10/22/2008

Worldwide Press Freedom Index 2008 - RSF



From: www.rsf.org

RSF: Only peace protects freedoms in post-9/11 world

Bringing up the rear are the dictatorships - some disguised, some not - where dissidents and pro-reform journalists manage to open cracks in the walls that enclose them. The year of the Olympics in the new Asian power, China (167th), was the year that Hu Jia and many other dissidents and journalists were jailed. But it also provided opportunities to those liberal media that are trying gradually to free themselves of the country’s still pervasive police control. Being a journalist in Beijing or Shanghai - or in Iran (166th), Uzbekistan (162nd) and Zimbabwe (151st) - is a high risk exercise involving endless frustration and constant police and judicial harassment.

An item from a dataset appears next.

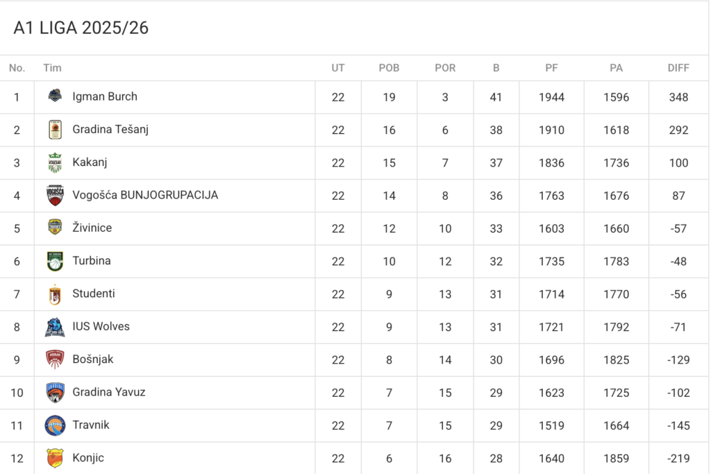 U nastavku vam donosimo tabelu A1 lige FBIH 2025/26.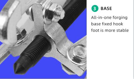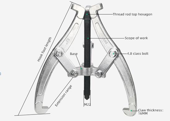 Six high-strength bolts joint the screw and jaws. The three jaws evenly distribute the pulling force, while the claws of the jaws

Online repression also exposes these tenacious taboos. In Egypt (146th), demonstrations launched online shook the capital and alarmed the government, which now regards every Internet user as a potential danger. The use of Internet filtering is growing by the year and the most repressive governments do not hesitate to jail bloggers. While China still leads the “Internet black hole” ranking worldwide, deploying considerable technical resources to control Internet users, Syria (159th) is the Middle-East champion in cyber-repression. Internet surveillance is so thorough there that even the least criticism posted online is sooner or later followed by arrest.